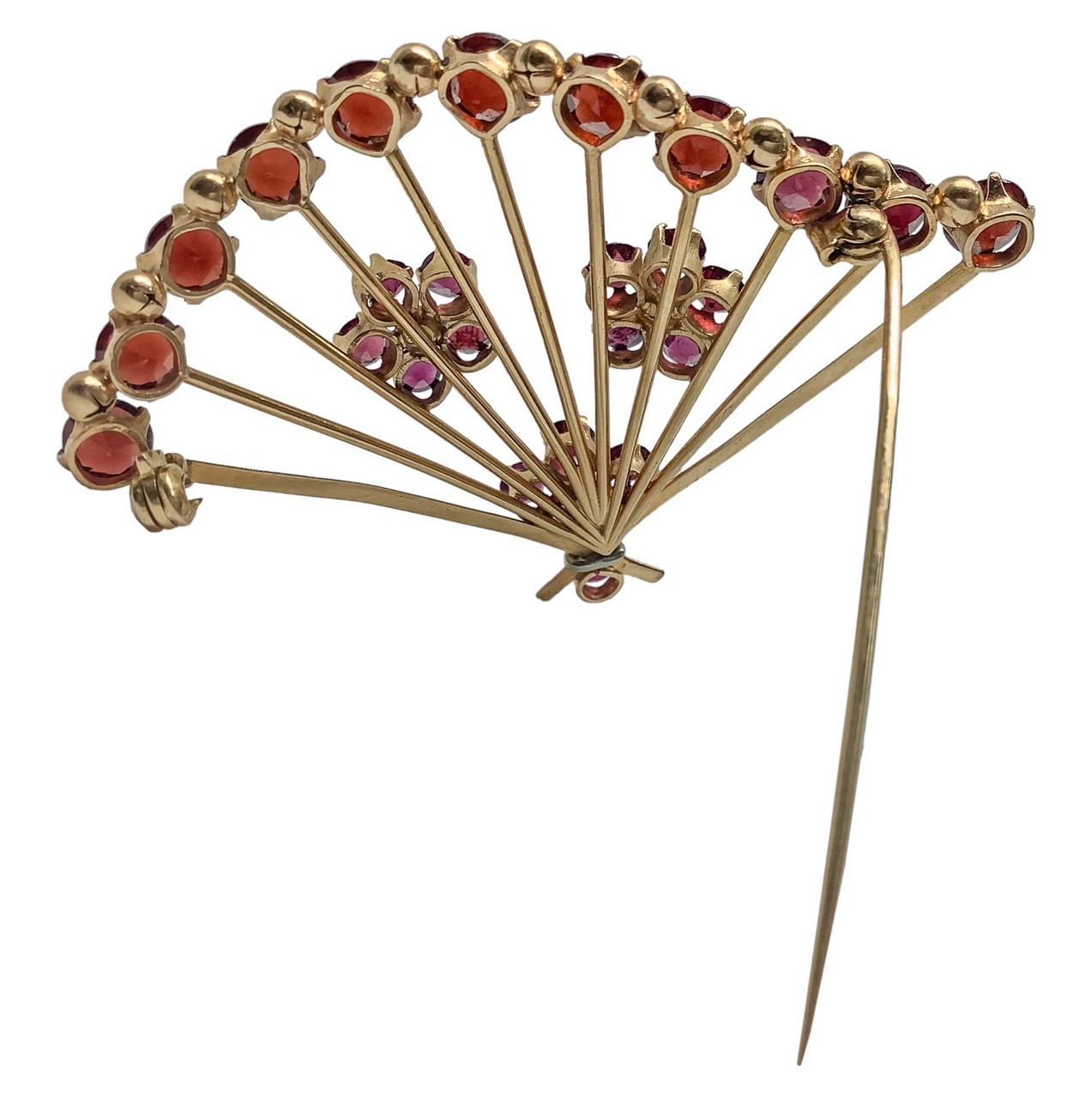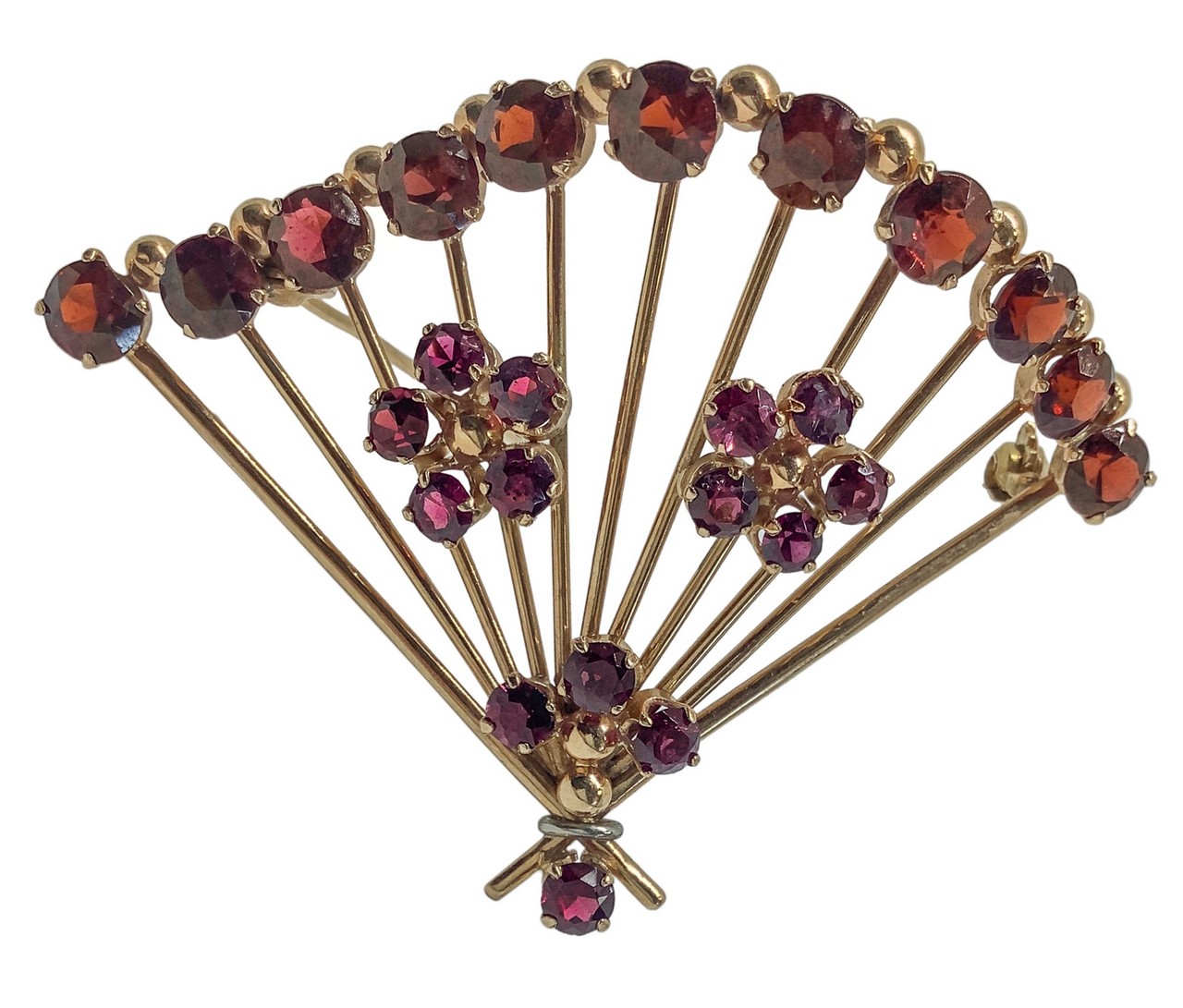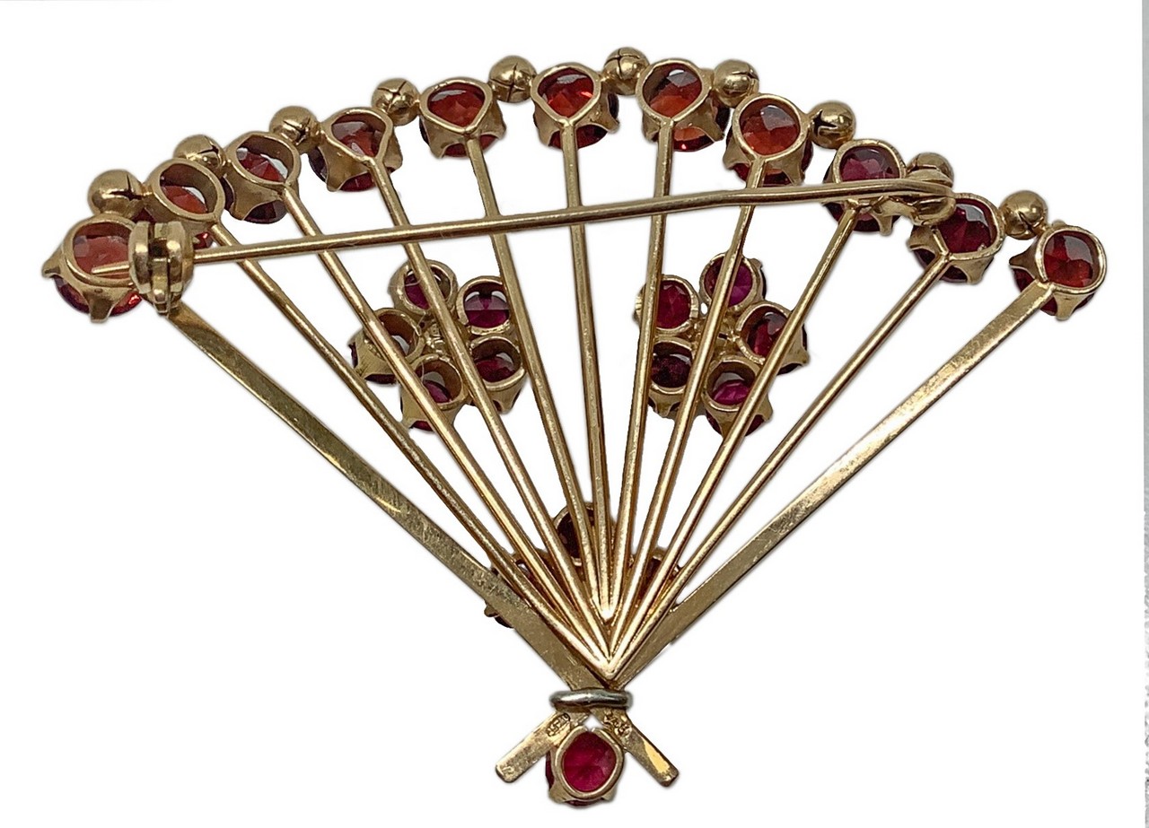 Spilla a ventaglio in oro 18 carati con granati, 1950s gr. 14,7, 7x5 cm
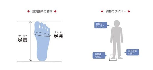 足のサイズを知るためには足長(そくちょう)と足囲(そくい)を計測します。一人では正しい姿勢が保てないので、計測の際は他の方にお願いすることをお勧めします。
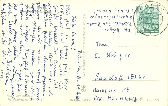 Zustand siehe Scan, gelaufen, 1960 - ca 14 cm X 9 cm
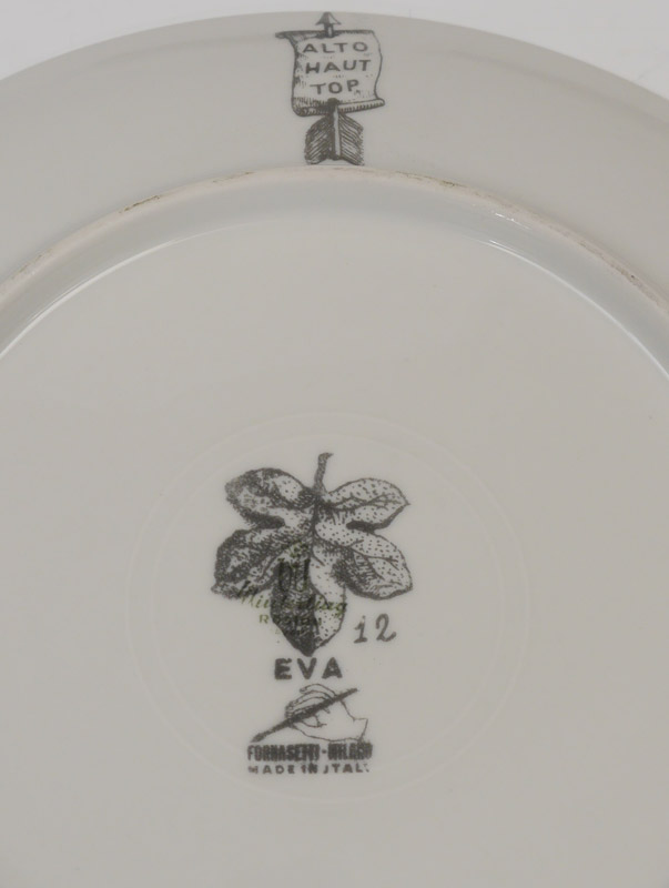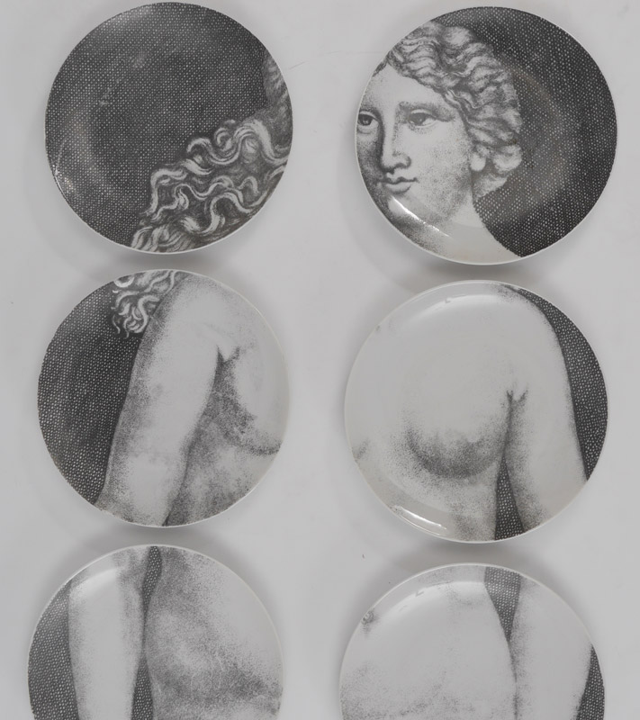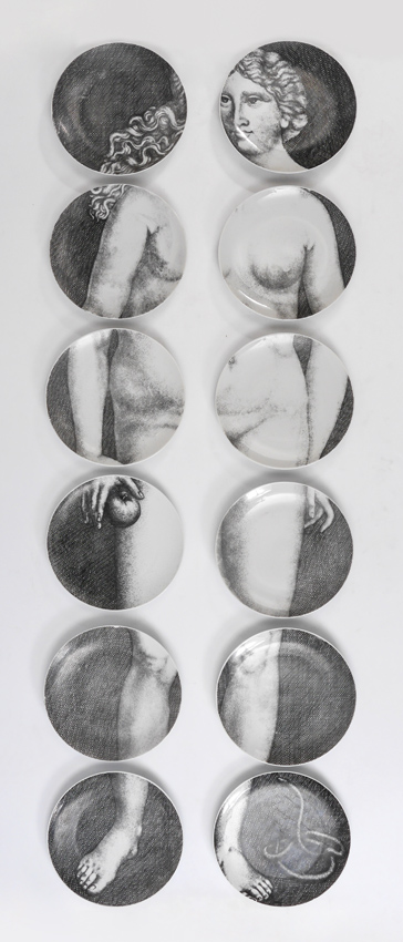 SET OF 12 PIERO FORNASETTI EVE PLATES: Series of 12 plates when displayed together depicts Eve. Black and white. Measure approx. 10'' dia.
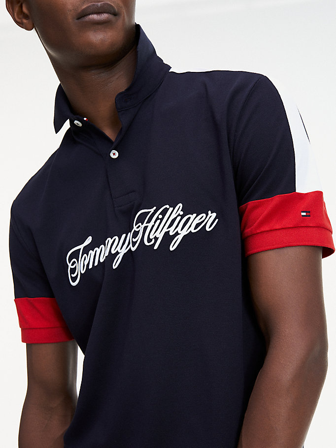 Het iconische Tommy Hilfiger-logo geeft dit poloshirt met stoer colour-blocked ontwerp een stand-out finish.
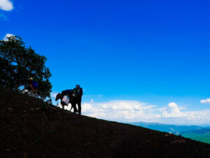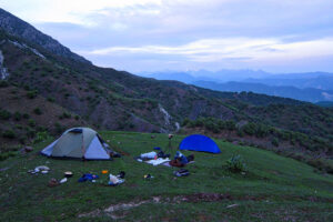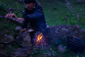 Our first day ended at a breathtaking campsite perched on a ridge with sweeping views of the surrounding valleys. Just as we began setting up our tents, a group of horses wandered over, as if to welcome us. They stood quietly nearby, their silhouettes against the golden light of the setting sun making for a magical moment.
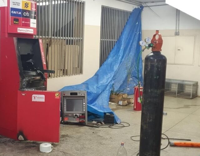 Dentro do mercado os policiais apreenderam equipamentos usados para cortar o único caixa eletrônico instalado na loja. Ainda segundo os policiais, o trio não conseguiu cortar o local onde fica o dinheiro.
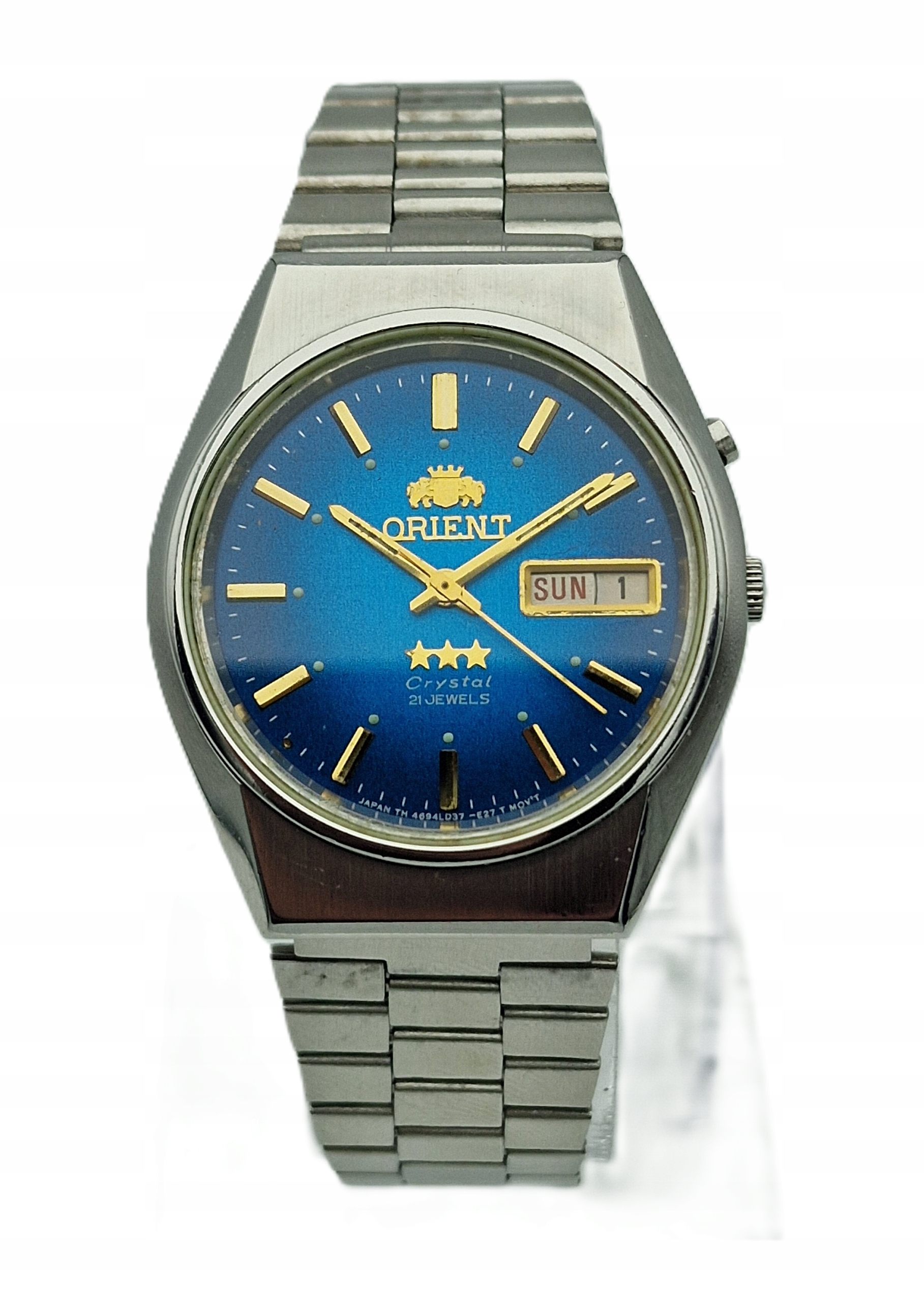 - Синій металевий циферблат із календарем на третій годині. Циферблат підписаний: «ОРІЄНТ, 21 КОШТОВНОСТІ, КРИШТАЛЬ, ЯПОНІЯ». Циферблат у ідеальному стані, як показано на фотографіях з аукціону.
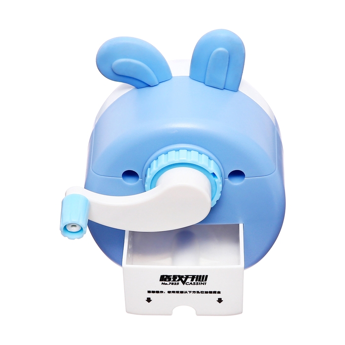 Точилка механическая с контейнером, Ушки синий/белый
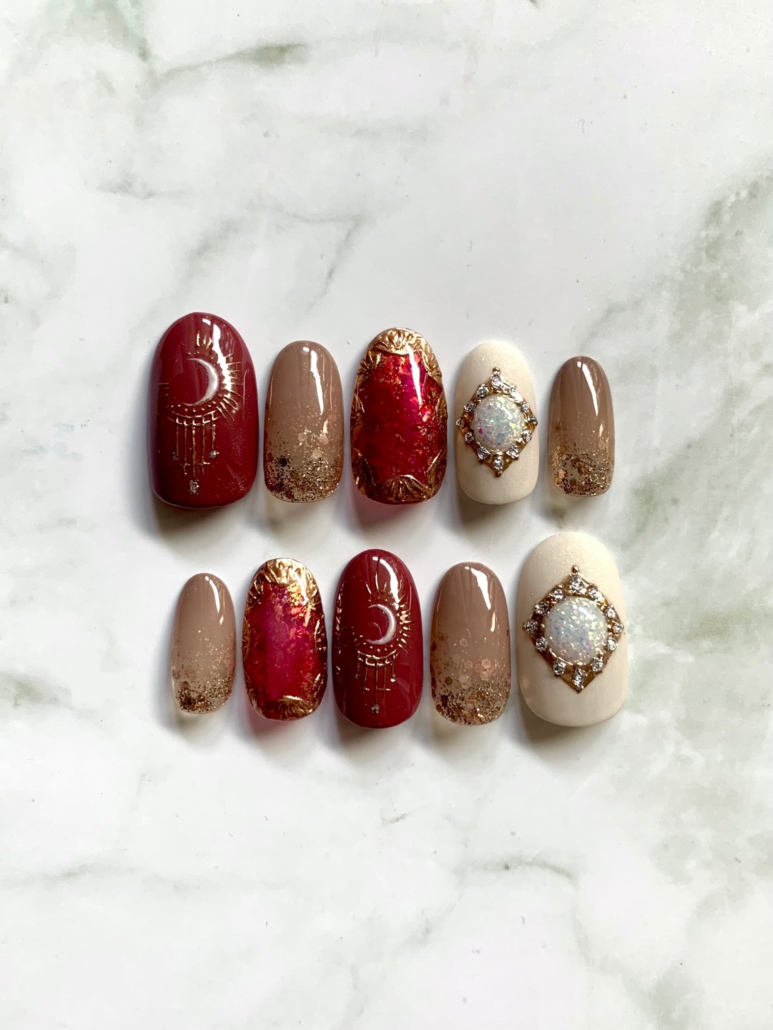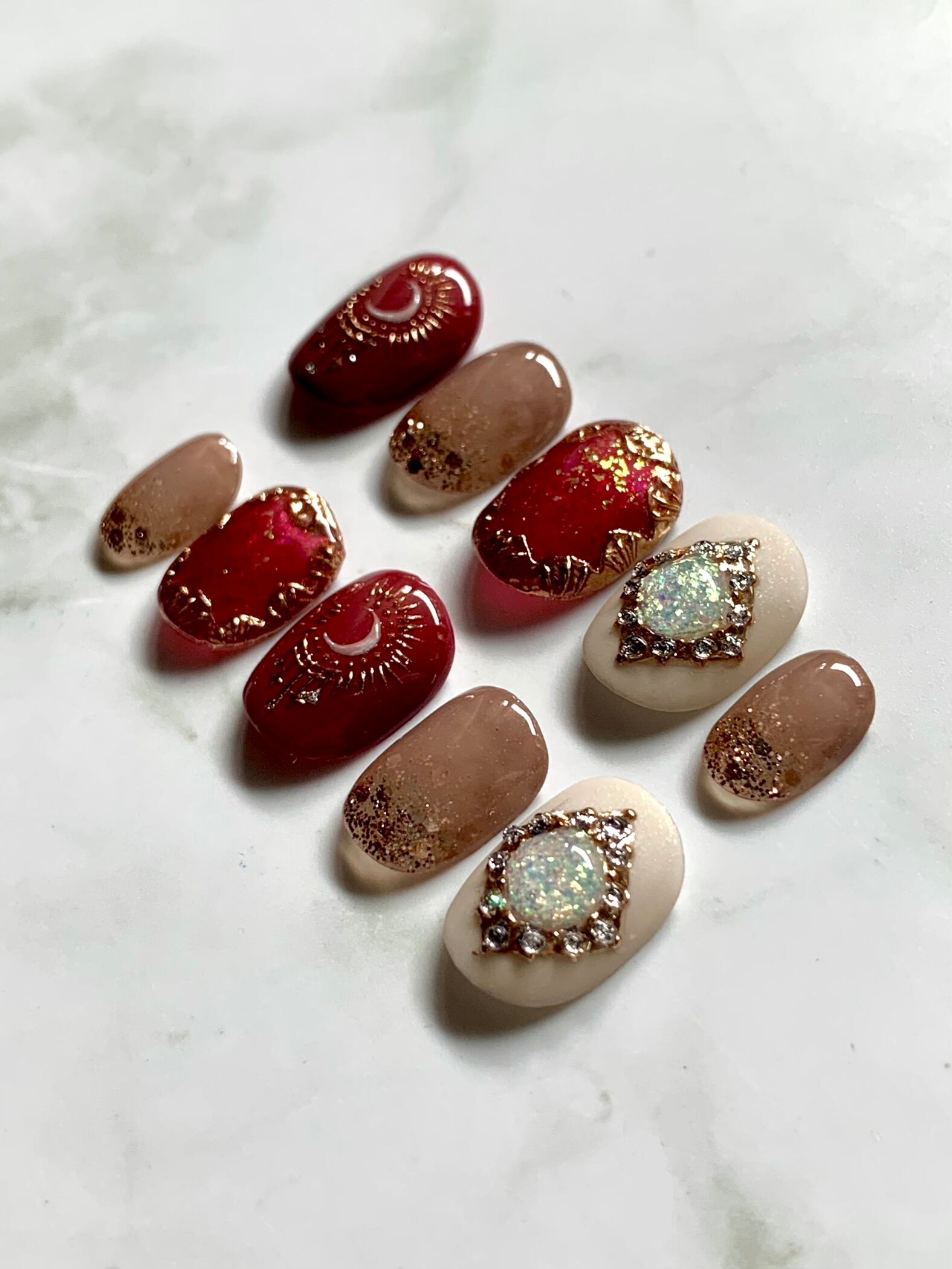 大人っぽいボルドーカラーに合わせた月のアートと薬指のジュエリーリングのデザインが

■ Task directions: Retype, word for word, only the line holding "- Синій металевий" and the lines after it through the final line of the listing above, and leave every picture out.

■ Response:
 - Синій металевий циферблат із календарем на третій годині. Циферблат підписаний: «ОРІЄНТ, 21 КОШТОВНОСТІ, КРИШТАЛЬ, ЯПОНІЯ». Циферблат у ідеальному стані, як показано на фотографіях з аукціону.
 Точилка механическая с контейнером, Ушки синий/белый
 大人っぽいボルドーカラーに合わせた月のアートと薬指のジュエリーリングのデザインが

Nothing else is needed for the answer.